For the development of the ‘single crystalline implant’, not only the elastic properties but also the control of mechanical properties is important. For example, strength and resistance to fracture and fatigue should be sufficiently high. Studies have shown that the plastic deformation behavior also shows an orientation dependence in β-Ti alloys^16,17,18. Although many reports exist on the mechanical properties of the Ti-29Nb-13Ta-4.6Zr alloy in a polycrystalline form^9,10,11,12, our preliminary single crystal report appears to be the only one published to date¹⁹. Thus, the orientation dependence of the plastic deformation behavior of Ti-29Nb-13Ta-4.6Zr has not yet been fully investigated. In addition, the mechanical properties of β-Ti alloys vary significantly with heat treatment^2,18. This has also been reported for the Ti-29Nb-13Ta-4.6Zr alloy²⁰, although details were not sufficiently elucidated yet. We, therefore, chose to investigate the plastic deformation behavior of a Ti-29Nb-13Ta-4.6Zr biomedical implant alloy single crystal, and focusing on its orientation dependence and the influence of microstructure. From the results, the possibility of the development of the ‘single crystalline β-Ti implant’ by using the Ti-29Nb-13Ta-4.6Zr alloy single crystal was discussed.

Results

Relation between the microstructure and mechanical properties of the Ti-29Nb-13Ta-4.6Zr alloy single crystal

To control the mechanical properties of the β-Ti alloys, control of the microstructure by heat treatment is useful. To achieve this, variations in the microstructure depending on the heat treatment conditions were first examined in the Ti-29Nb-13Ta-4.6Zr single crystal. Figure 1(a–e) show the variation in the selected area electron diffraction (SAED) patterns observed along the [113] direction upon heat treatment, in the original as- solution-treated (ST) single-crystalline specimen and those annealed at 573, 598, 673, and 723 K for 259.2 ks. As shown in Fig. 1(a), only the diffraction spots derived from the β-phase with a bcc structure were clearly observed in the ST specimen, demonstrating that the ST single crystal was composed of a β-single-phase, as is also confirmed by the bright field image shown in Fig. 1(f). In contrast, a number of additional spots were observed in the annealed specimens, as shown in Fig. 1(b–e). The positions and intensities of the extra spots varied with annealing temperature, suggesting that different phases precipitated at different temperatures. The precipitates present in the β-matrix-phase are supposed to be either a ω-phase with a hexagonal unit cell, or an α-phase with a hexagonal close-packed (hcp) unit cell. It is generally known that these phases precipitate with distinct relationships to the β-Ti matrix phase as follows:

Figure 1: Variations in microstructure with heat treatment examined by TEM.

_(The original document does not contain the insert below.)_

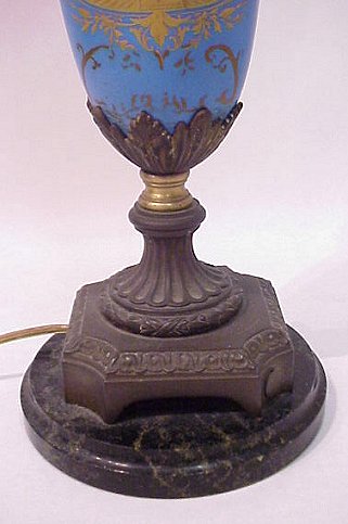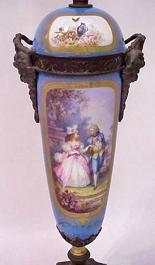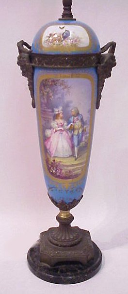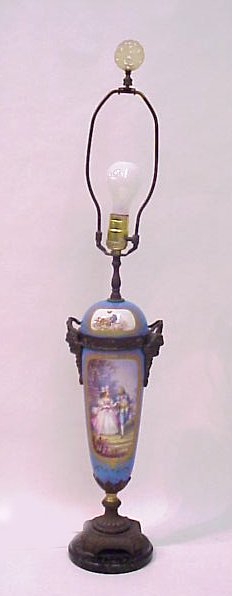 ARTIST SIGNED SERVES FRENCH PORCELAIN LAMP: Courting scene, verso with floral decoration. Metal mounts include masquerons. Artist signed Poite?in. 31''H. overall. Please call for condition.

(a–e) SAED patterns of the Ti-29Nb-13Ta-4.6Zr single crystal observed along the [113] direction, in specimens of (a) as-ST specimen, and annealed at (b) 573 K, (c) 598 K, (d) 673 K, and (e) 723 K for 259.2 ks, respectively. (f) Bright-field image of the as-ST specimen. (g,h) Simulated diffraction patterns derived from (g) ω-phase and (h) α-phase precipitates with distinct orientation relationships with respect to the β-matrix phase. (i–l) Dark-field images of the (i) precipitated ω-phases in the specimen annealed at 598 K for 259.2 ks, (j,k) precipitated ω-phases and α-phases in the specimen annealed at 673 K for 259.2 ks, and (l) precipitated α-phases in the specimen annealed at 723 K for 259.2 ks. The reflection spots observed for dark-field images are indicated as circles in Fig. 1(c–e).

According to these relationships, four equivalent variants are considered for the ω-precipitates, and 12 variants are considered for the α-precipitates (see Supplementary Table S1). Taking their crystallographic orientations into consideration, Fig. 1(g,h) show the calculated SAED patterns from the precipitated ω- and α-phase variants in the β-matrix-phase when observed along [113]_β. As only eight net diffraction patterns with relatively low lattice indices among the 12 variants were indicated for the simulated α-phase diffraction pattern in Fig. 1(h), the observed TEM diffraction patterns could not be perfectly reproduced. However, by comparing to the experimental SAED patterns, it was elucidated that the specimens were composed of a β + ω two-phase at 573 K and 598 K, a β + ω + α three-phase at 673 K, and a β + α two-phase at 723 K. This was further confirmed by dark-field observations. Figure 1(i) show the dark field images observed in the specimen annealed at 598 K, with the circled spots shown in Fig. 1(c). Using the spot, the ω-phases were confirmed to be densely precipitated in the specimen. The ω-phases exhibited ellipse-like shapes, having the long axis aligned along the [0001] direction, with an average length of ~10 nm. Figure 1(j,k) show the dark-field images of the specimen annealed at 673 K. With the same spot used for observation in Fig. 1(i), the presence of ω-precipitates was confirmed as shown in Fig. 1(j). In addition, using the spot named “α7,8” in Fig. 1(d), the precipitation of the α-phase was also observed as shown in Fig. 1(k). The α-phases precipitated abundantly with thin plate-like shapes. In the specimen annealed at 723 K, α-phase precipitates were confirmed to be slightly coarser, but maintained their plate-like shape, as shown in Fig. 1(l).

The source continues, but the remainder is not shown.